▸ TASK TO CARRY OUT
The whole listing below must be printed again exactly, images excluded.

▸ PROVIDED DATA
▬▬▬▬▬▬▬▬▬▬
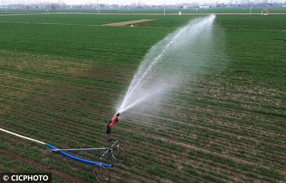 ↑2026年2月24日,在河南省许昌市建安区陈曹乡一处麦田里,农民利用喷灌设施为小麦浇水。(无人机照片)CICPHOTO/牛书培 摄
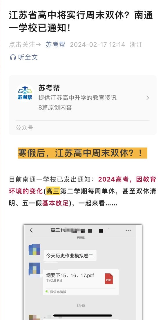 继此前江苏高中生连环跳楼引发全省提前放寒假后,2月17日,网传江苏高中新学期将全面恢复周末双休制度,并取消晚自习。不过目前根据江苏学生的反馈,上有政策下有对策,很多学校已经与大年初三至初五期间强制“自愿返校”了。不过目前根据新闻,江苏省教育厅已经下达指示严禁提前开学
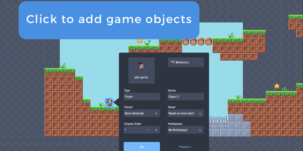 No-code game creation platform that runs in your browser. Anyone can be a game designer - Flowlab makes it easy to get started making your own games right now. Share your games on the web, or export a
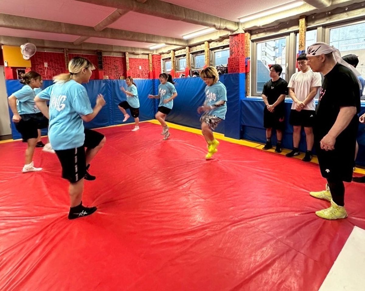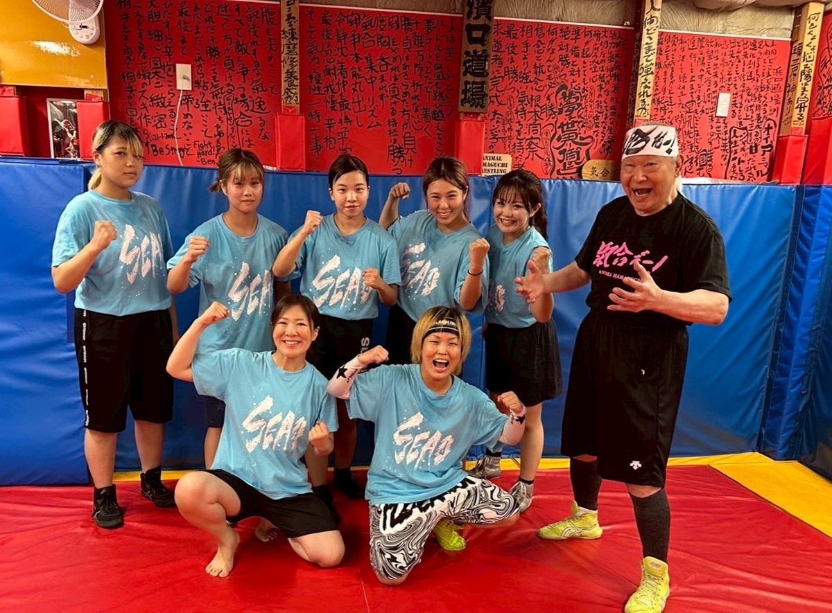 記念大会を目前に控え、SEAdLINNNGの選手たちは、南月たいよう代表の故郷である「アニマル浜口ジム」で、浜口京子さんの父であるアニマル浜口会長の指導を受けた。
▬▬▬▬▬▬▬▬▬▬
▸ COMPLETED EXERCISE
 ↑2026年2月24日,在河南省许昌市建安区陈曹乡一处麦田里,农民利用喷灌设施为小麦浇水。(无人机照片)CICPHOTO/牛书培 摄
 继此前江苏高中生连环跳楼引发全省提前放寒假后,2月17日,网传江苏高中新学期将全面恢复周末双休制度,并取消晚自习。不过目前根据江苏学生的反馈,上有政策下有对策,很多学校已经与大年初三至初五期间强制“自愿返校”了。不过目前根据新闻,江苏省教育厅已经下达指示严禁提前开学
 No-code game creation platform that runs in your browser. Anyone can be a game designer - Flowlab makes it easy to get started making your own games right now. Share your games on the web, or export a
 記念大会を目前に控え、SEAdLINNNGの選手たちは、南月たいよう代表の故郷である「アニマル浜口ジム」で、浜口京子さんの父であるアニマル浜口会長の指導を受けた。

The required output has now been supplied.